The current, record-setting surge of COVID-19 in Massachusetts shows no sign of letting up, according to the Boston area's wastewater detection system.
Sewage treated by the Massachusetts Water Resources Authority has been tracked since the start of the pandemic, and levels of the virus have been steadily rising since the fall. In early December, the data showed a spike as high as last winter's, and it's only gone up since then.
There were about 2,500 RNA copies of COVID per milliliter in the system as of Wednesday, the most recent day data was available. Last winter, the peak was around 1,500 RNA copies per milliliter.
The data track with what the Massachusetts Department of Public Health has been seeing. On Wednesday, Thursday and Friday, it reported record numbers of new, confirmed COVID cases in a single day -- culminating in more than 10,000 in one day for the first time.
In early December, Mariana Matus, the CEO and founder of Biobot Analytics, which tracks the wastewater's COVID levels, said that the Cambridge-based company's researchers started to notice a new uptick starting in late October.
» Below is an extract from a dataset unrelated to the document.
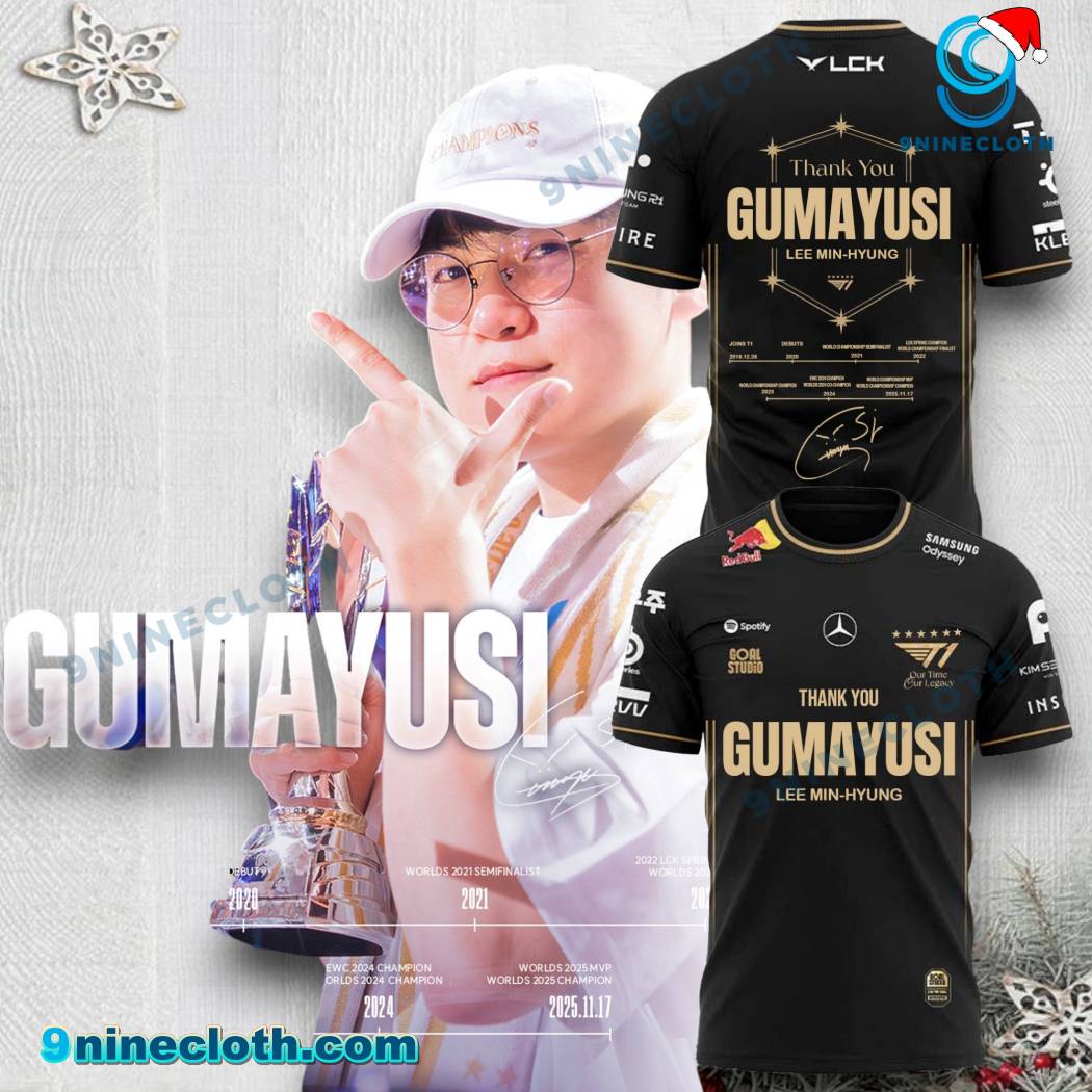 Keywords: T1, Gumayusi, T-Shirt, Full Print, League of Legends, Esports, Fan Gear, Korean Esports, Cotton Blend, Polyester, Comfortable, Durable, Vibrant, Moisture-Wicking, Breathable, 9ninecloth

"We don't know yet if this spike could be driven by Thanksgiving activities or if it could be contribution from the new omicron variant," she said.
Dr. David Hamer of Boston Medical Center told NBC10 Boston earlier this month that he was "concerned about what's going on" as indicated by the data.
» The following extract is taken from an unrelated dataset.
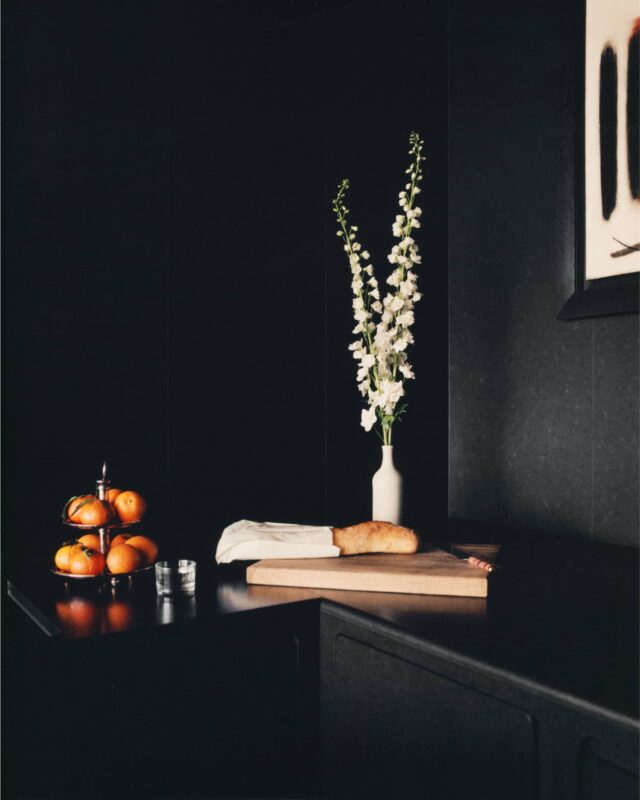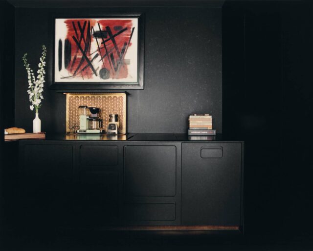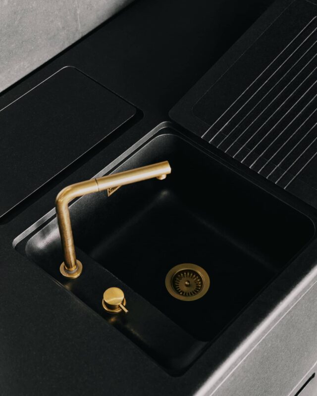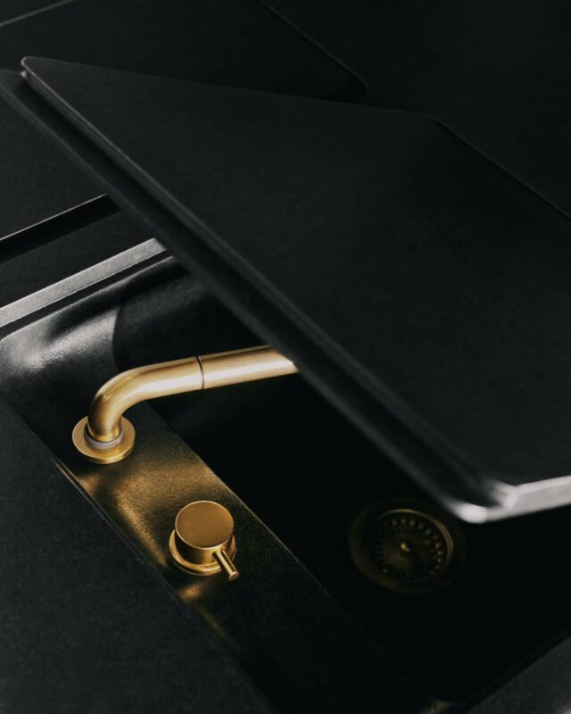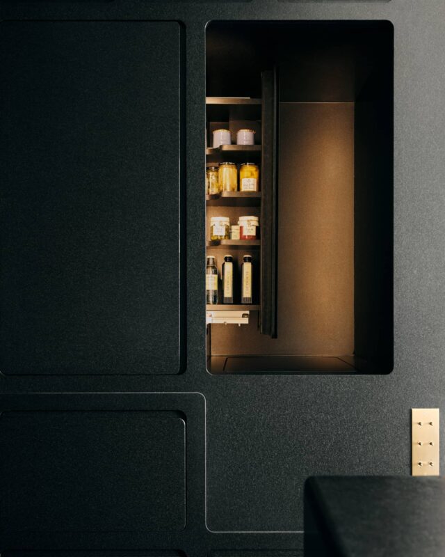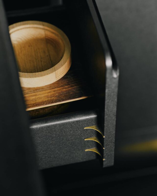 We developed drawers carved from granite blocks, weighing 40kg each, attached to fronts with brass connectors, a sink hidden beneath a lid, with a pull-out faucet, an electrical vertical drawer, and doors, and flaps, and more lids.

He told The Boston Herald this week, "We’re in for a pretty rocky couple weeks in Massachusetts and New England because of this," noting it seemed like a delta variant-driven surge after Thanksgiving was overtaken by a new surge driven by the omicron variant.
The data is collected from the Massachusetts Water Resources Authority's Deer Island wastewater treatment plant, and the approach has shown it can give an early indication of a rise in cases based just on what's in sewage.
Forty-three communities from eastern Massachusetts have their water treated at the plant, including Boston, Cambridge, Framingham and Quincy. The data cannot be linked to specific cities, towns or neighborhoods, but it provides public health officials with a big-picture outlook of what is going on in the region.
Other areas monitor wastewater for COVID as well -- Burlington, Vermont, detected the omicron variant in its wastewater this month before the first case was officially confirmed by the Vermont Department of Public Health.